Buffalo Nichols Album Review
Buffalo Nichols (Fat Possum)
The thorny, restless travelers' existence, ready material for the blues, threads Buffalo Nichols' self-titled debut. From his current base in Austin, the Houston-born musician's introductory LP follows an upbringing in Milwaukee and time abroad. Billed as Fat Possum's first solo blues signing in some 20 years, Nichols' thick, weathered voice carries the title. Eight songs amble wide in a subtle referendum on the form. (Prior, a track by his Wisconsin project Nickel&Rose called "Americana" thoughtfully criticized their genre.)
Especially refreshing in this city, the player lets his modern blues simmer and smoke, avoiding pyrotechnic blister. Somber and guarded, opener "Lost & Lonesome" pins the simple tools behind most of the album – evocative acoustic guitar, barely there percussion, and Nichols' wisely pleading voice. It sounds just right weighing the heaviness of heaven and hell ("Living Hell") and suffering ("Sick Bed Blues"). With "Another Man," the artist deploys his age-old storytelling method on modern police violence. He also addresses the music's constraints: "Maybe I'm just angry and my words may be cliche/ It's hard to write a song while folks get murdered every day."
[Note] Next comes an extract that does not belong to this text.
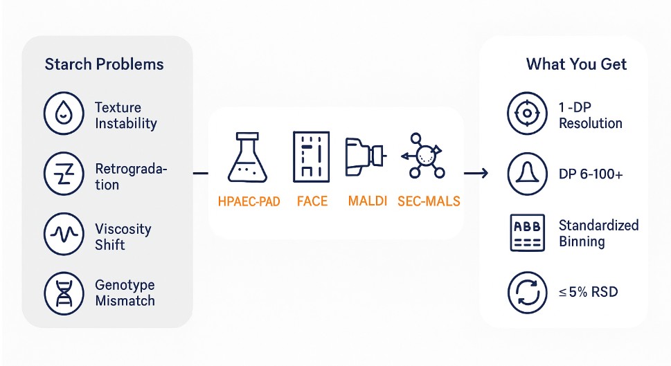 - Wide Quantitation Window (DP 6–100+): Captures full chain spectrum—from short crystallinity-linked chains to long branches driving gel properties.
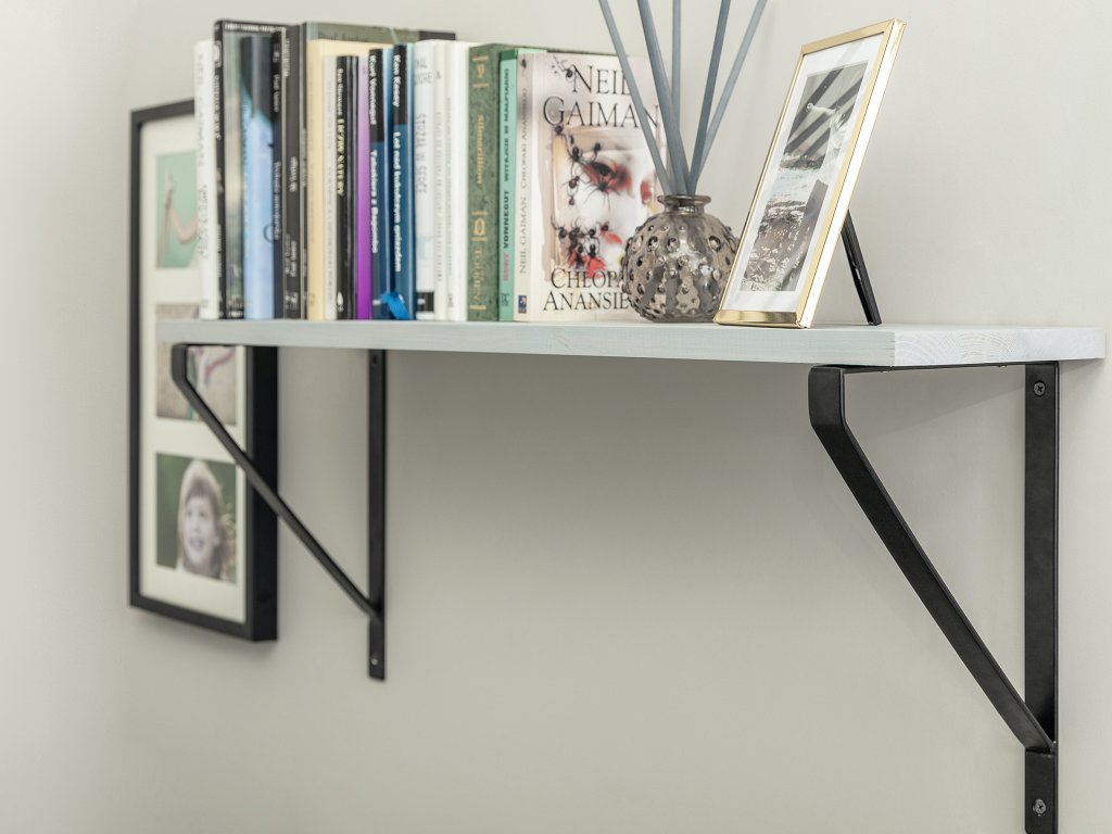 Designová podpěra police vynikne v každém interiéru, její hloubka 220 mm dobře poslouží i pod police s knihami. Instalace je jednoduchá, stačí pouze dva vruty s hmoždinkou do stěny a dva vruty do police (doporučujeme lamino, dřevo apod.).

Alongside roots cuts, Nichols tries on violin-supported singer-songwriter stylings and retro rock friendly for Black Pumas fans. The last two tracks add electric guitar in a half-decided aesthetic swerve, restrained to compromise with the preceding materials' unvarnished appeal. Each song with forward energy, Nichols' first solo outlook presents many potential roads.